『パーティーの前日に…』は、私の作品の中でも人気のある作品ですが、数奇な運命を辿った作品です。
昨年の春に完成し、春の公募展に出展し、受賞もしました。
東京で展示され、7月には、ソウルのロッテギャラリーにも巡回しました。
ソウルの展示は、7月末まででしたが、いつまで経っても巡回から戻って来ません。
8月中旬、サマーソニックの爆音の中で、携帯電話に見知らぬ番号から着信がありました。
とりあえず、多少は電話が出来そうな所に移動して、電話を取ると、
『私〇〇という画集を扱っている者ですが、“先生のパーティーの前日に…”が選ばれまして、画集に是非とも載せたいのですが…』という電話です。
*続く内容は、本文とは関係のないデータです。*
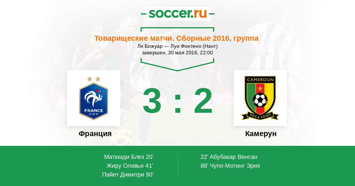 88' (2:2) Чупо-Мотинг Эрик (13) (Абанг Анатоль Бертран (8))

私は、この手の高額な掲載料を要求する詐欺が、横行していることを知っていましたから、こう言いました。
『どうせ、掲載料高いんでしょ!!』
すると、向こうは動揺して、
『あ…、はい…、ええっと、30万円です』
と力なく答えました。
『辞退させて頂きます!理由は掲載料が高いから!!』と言ってガチャンと切りました。
せっかく、サマーソニックを楽しんでいたのに、迷惑な話だと思っていました。
しかし、サマーソニックが終わって、8月末になっても、作品は戻って来ません。
そして、とうとう9月に入ってしまったので、怪訝に思いました。
主催者に電話をかけたら、もう搬入業者に渡ってあるとのことです。
そして、搬入業者に電話をかけたら、『えっ!戻って来てませんか?すぐ調べます』と慌ててました。
30分後、搬入業者から電話がかかり、私のが梱包と発送をお願いした、地元の業者に届いているとの報告を受けました。 慌てて、その業者に行くと、作品がありました。
しかし、作品の梱包を解くと絵が額から外され、額の部品も紛失した状態だったのです。
そして、絵に小さな傷も付いてました。
私も画歴が長いですが、このようなことは初めてです。
いつもないことが起こったということは、犯人は画集詐欺の人達だと推測されます。
額から外して、すぐに撮影できる状態にしてあったのに、私が断ったのでそのままになったのでしょう。
今回、教室展では、額もきちんと直して展示しました。
絵の傷は小さいので、時間がある時、修復していこうと思います。